None of these have yet registered, at least in unshakable convention. Powell is still mindlessly sticking with his models just as Trichet once did. The warnings multiply and escalate, deflation overtaking more and more reflation that upon honest reflection really wasn’t all that much even at its best. The eurodollar curve, as I noted last week, has now inverted. Doesn’t matter to the FOMC, at least outwardly.
They all say the risks have faithfully shifted to the upside. Through the prowess and determination of the world’s central bankers, self-congratulations all around, the global economy via its various and separate constituent pieces is poised on the precipice of recovery at long last.
The biggest, deepest markets in the world just aren’t buying it. The track record uniformly belongs on the side of the skeptics. Schaetze and bund yields are retreating for yet another time, never having been close to getting within sight of 2011 levels. China’s RRR has been reduced several times already this year and it’s only July.
The US CPI can turn it up to 3%, and the long bond instead acknowledges the growing downside risks of deflation. If, or rather when, the UST curve follows the eurodollar curve into inversion it won’t really be about some incoming future recession. It will be another escalating warning that they really don’t know what they are doing.
Because they don’t, there has been no recovery and, more importantly, there cannot be one.
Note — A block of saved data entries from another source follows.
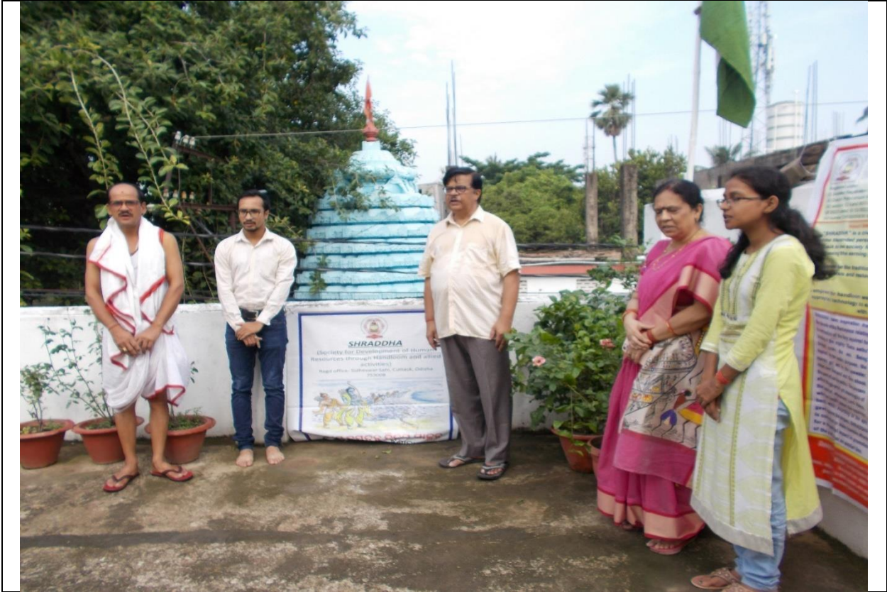
Celebration in the Registered office at Sidheswar Sahi, Cuttack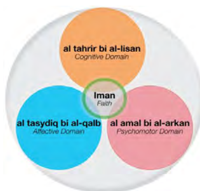
Figure 1. Islamic education character framework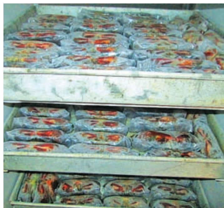
Packed Soft-shell crab.

It reportedly takes between 45 - 50 days to turn hard-shell crabs into those with a soft shell. A kilo of soft-shell crabs are exported to the international market for US$5-10, while last year saw exporters able to sell the same quantity for between US$12-13.—Myitmakha News Agency

Powell like Trichet and the PBOC in 2011 doesn’t need to “raise rates” to contain the CPI. The effective eurodollar noose tightens again and before too much longer that’ll take care of it for him. That is, in fact, what the eurodollar curve right now is suggesting. Doesn’t matter China, Europe, or the US. We’ve seen this all before. We’re closing in on the end of the fourth time subprime was contained.
And nobody’s learned a thing from it.